Music Reviews

Touring to support their second album "Escapements," Brooklyn-based indie R&B duo Thomas Mullarney and Jacob Gossett held forth mood upon mood.

There was a chill on the air Saturday night that neither of us anticipated. As 2720 Cherokee's glass entryway loomed a few paces ahead, we shook out heaps of viscera before we plunged through the door. You see, the days before had coaxed daydreams of Spring beyond our winterized thoughts. This cold felt vulgar, and we were shivering our guts out.

Inside, however, we were greeted with a visions of John Updike's broiled "Brazil." A balmy moisture thickened the air like a spray-on-salve. Beacon's Thomas Mullarney III blasted through the double doors and made eye contact so savage with my mate that he later said he felt like his soul had been witnessed. A small man of Nate Ruess proportions, he moves off stage like an assertive professor late to class, but always on time in his own right. A mere 20 minutes from stage time he sent a bolt of determination through our hazy gaze.

Beacon played twice in STL in the past years opening for an improvisational How To Dress Well and an underwhelming Tycho. After Beacon's deeply sensuous and architecturally proactive backdrops had plunged into my memory bank -- I would sooner forget the idiosyncrasies of Tycho than Beacon's The Ways We Separate pit stop. Beacon bore their native Brooklyn cool on its sleeve as it toured its first record. Swamped in smothered lust, The Ways We Separate (2012) caved in to Mullarney's diaphanous vocals and left space for Jacob Gossett's house music inspired compositions.

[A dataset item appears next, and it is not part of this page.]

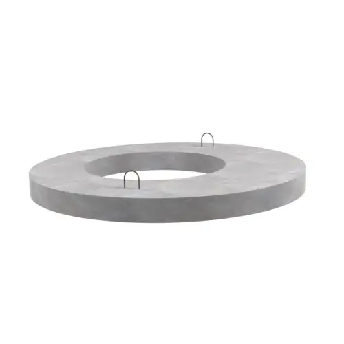Бетонная крышка колодца изготовлена из железобетона - материала, который сочетает в себе прочность стали и долговечность бетона. Это обеспечивает высокую надежность и долговечность изделия в эксплуатации.

Its second effort, Escapements (2016) has been cited by the band as a collage of work. By definition, the album is a collective never fully fused under one aesthetic. The aural palette is so varied its compositions flirt with Le Matos Chronicles of the Wasteland-like discomfort yet can be perked up by throbbing high-hats to slide into 90s dance radio. This translated live to a show that failed to synchronize like its prior stops. That being said, I would have crossed the sea of fools that undulated with the sensations of club drugs on the first floor to find Beacon's second story gallery reprieve any day.

Beacon's second effort's title track plays with bell chords that dribble around Mullarney's rhythmic rambles of a man who turns those who reject him into somnambulists. He sings of people who dance around sleep with the heavy steps of sadness. The bell chords conjure images of "Fantasia" fairies and blend into Gossett's sirens that warn the listener of Mullarney's cold shoulder -- all this translates clearly live into a rebirth of feelings served chilled. It's a track that speaks volumes of Beacon's wheelhouse. With vocals a tad too low in the mix, Mullarney still moaned like a pained mythical beast over Gossett's ambient interpretation of bitterness. It would have been interesting, however, to see Gossett play something other than a drum pad during the songs architecturally stacked frames. If anything, to demonstrate how it is done.

"IM U" and "Backbone" represented Escapements in riveting ways. Live, the vocal effects of "IM U" sound like wisps of silk drifting through an exothermic plane. Once stacked and played intermingled with each other they have the effect of an expert church choir sighing high notes. "Backbone" and its euro-centric house notes, along with trademark Beacon reverb, was another reminder of Beacon's ability. Drench in the fuzz, I reconciled with the fact that the orgy of beats downstairs causing discordant vibrations in the floor would not take away from the clarity of "Feeling's Gone."

The next day we went to Euclid records and I devoured Le Matos, Tangerine Dream, and Cocteau Twins vinyl on sight. Without question, my hunger for electronic stemmed from the experience we shared with a handful of people, in an attic above a rave with Beacon.